17 thoughts on “Feeling Hateful

  1. Can’t stop laughing! I would like to add ticks to the list of things the world could live without. I’m sure the birds and other insects that feed on them can find other sources of nourishment.


  2. Oh Randi, you’re just so good, even when you’re angry. I personally find the angry rant very theraputic. It gets it all out and then you can move on. Hopefully the rest of your week improved. I too had an extremely contentious meeting this week and I still don’t think I’ve totally recovered from it, probably bc it left me with MORE WORK.


  3. I also refer to them as “fucking slugs”! In fact, I don’t think I can say the word “slugs” without that adjective attached. Same with fucking squirrels. They drive my dogs insane and are really just rats with bushy tails. But the slugs plague me to the point where I get paranoid and take their visits quite personally. This year we have a honking big bunny in the garden, plus the return of the dreaded woodchuck, complete with progeny, so it’s hard to know which creature to blame for the shredding of my flowers. I have scented dryer sheets festooned on the plants — that worked last year. I’m not giving up, even though the slugs outnumber me.


  4. This is the best post in the history of posts. I can’t stop reading it. The one about your response to your husband whining about his toe? CLASSIC. EPIC, even. I think you should write a weekly column where you just rant about stuff you hate. I’m going to start calling you Randi Rooney. Once again, you are my hero.


    1. Thank you, Jen, but you are the champion humorist in this bunch, in my opinion. I do love a good purging rant. At work they call my emails “Randi Rants.” Don’t know if I could sustain it over 60 years like the late Andy Rooney, though — he was the king.


  5. Randi, your hate rocks! (I’m quite sure I’ve NEVER uttered that sentence before.) I can’t even pick out my favorite, though I KNOW I agree with what you said about Tay Tay. Btw, my 8 year LOVES slugs…I don’t know why…but perhaps they were put in this planet for him…and now I know that they supposedly have an affinity for beer, I hold a little more respect for them myself. 😉 GREAT post! Just LOVED it! (and yes, may you be surprised and delighted by your meeting going better than you expected. If you’re in the mood for a little woo-woo, I will often imagine a round-table discussion the night before, with all the people involved and talk to their higher selves. I find their higher selves aren’t quite the assholes that the people themselves can be AND this sort of practice always improves the outcome of the actual discussion. GOOD LUCK!)
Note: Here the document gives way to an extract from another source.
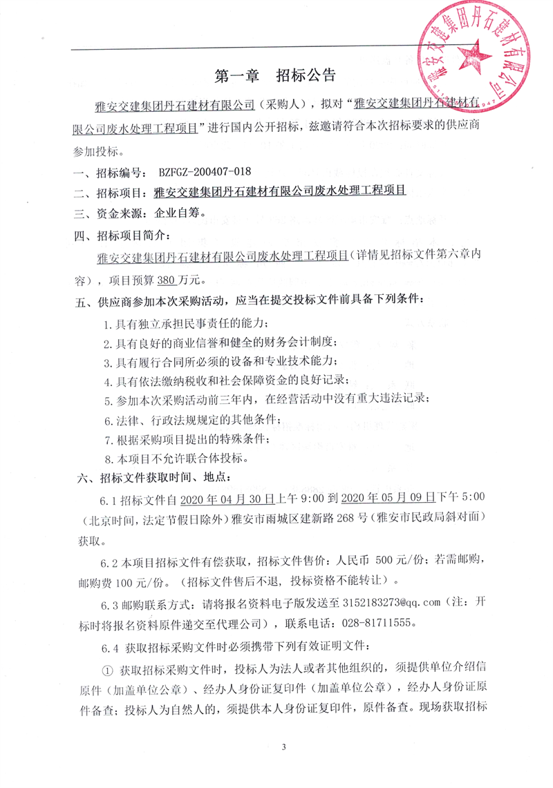 雅安交建集團(tuán)丹石建材有限公司廢水處理工程項目招標(biāo)公告

    1. I am thrilled your son likes slugs! It helps me feel they have a purpose. Please ask him to elaborate on their positive attributes. I have an open mind.


  6. Randi even when you are feeling hateful you are still so f*cking funny! I hate the heat and am totally there with you. I am so, so happy in air conditioning. I inherited my dad’s sweating gene and melt right away when I get even remotely warm. Hoping things go better than expected at your meeting!
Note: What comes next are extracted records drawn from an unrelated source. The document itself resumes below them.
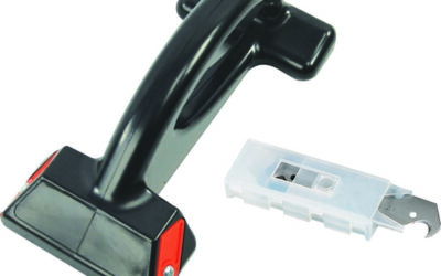 Modèle professionnel, pour revêtements de sols, réserve de lames à l’intérieur du manche, bouton...
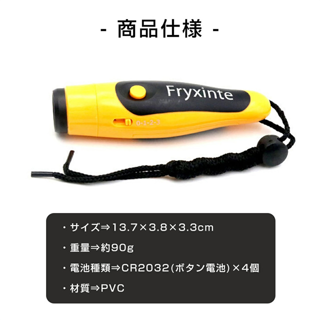 | 仕様 | ◆サイズ:13.7×3.8×3.3cm ◆重量:約90g ◆電池種類:CR2032 (ボタン電池)×4個 ◆材質:PVC |
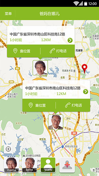 只需簡單一步,輸入家人手機號碼,發(fā)送短信,確認后成功添加,無需再次添加,簡單設(shè)定爸媽昵稱,方便區(qū)分。即刻查看爸媽的位置信息,關(guān)愛如影隨形。
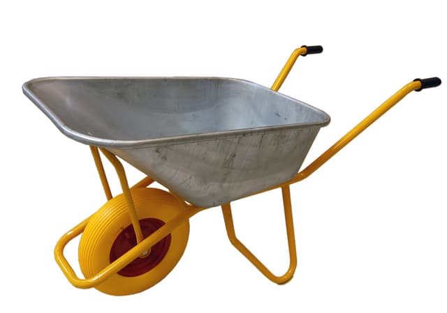 Punkterfri dæk af massiv PU-skum Galvaniseret kasse med 0,8 mm pladetykkelse og fuldsvejst ramme Dækstørrelse: 16"" - 4.00×8"" Aksel: 12 mm Fælg: stål med kuglelejer Maks. belastning: 150 kg / 110 l Leveres usamlet Øvrig info: Egenvægt: 13,4 kg Tykkelse på skålen: 0,8 mm Tykkelse på stellet: 30×1,25 mm
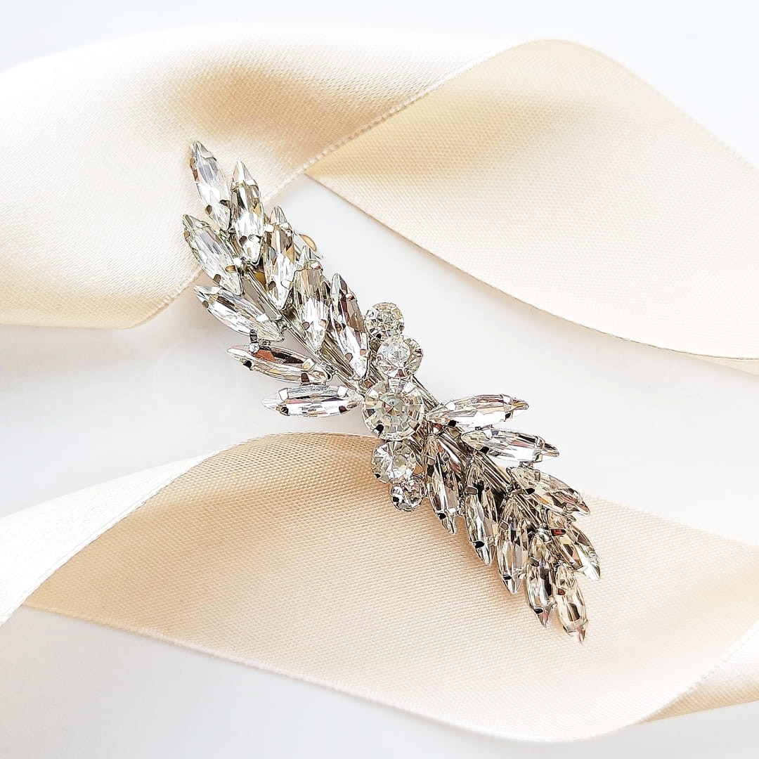 Efektowna ozdoba do włosów w postaci spinki z zapięciem na zatrzask to najchętniej wybierana ozdoba do włosów do fryzur w stylu fal hollywood, lub bocznych eleganckich upięć. Dzięki smukłemu kształtowi będzie pięknie podkreślać linię zaczesania, akcentując obecność biżuterii.

    1. Thanks, Michelle. And you’re a vegetarian, right? I am happy to know not all vegetarians are freezing like my skinny work friend. Didn’t that strap-on air conditioner look appealing? I have a large collection of neck things that cool me — it’s true that if you cool your neck, the rest will follow.
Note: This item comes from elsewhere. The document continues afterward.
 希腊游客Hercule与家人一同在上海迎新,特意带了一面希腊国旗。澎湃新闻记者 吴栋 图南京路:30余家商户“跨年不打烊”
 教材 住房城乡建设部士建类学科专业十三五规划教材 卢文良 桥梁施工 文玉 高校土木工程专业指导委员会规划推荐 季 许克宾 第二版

  7. You’re so funny. I hope that vent was therapeutic!! I HATE slugs!!! The worst is when you accidentally squash them and it leaves a shiny, slimy trail EVERYWHERE. YUCK!


    1. My sons would pour salt in a circle around a slug and call it the Circle of Death, because whichever way the slug moved, it was headed for its demise. As much as I tried to teach them kindness to all living things, I could not make a case for saving the slugs.
      Yes, the vent really helped! Thanks!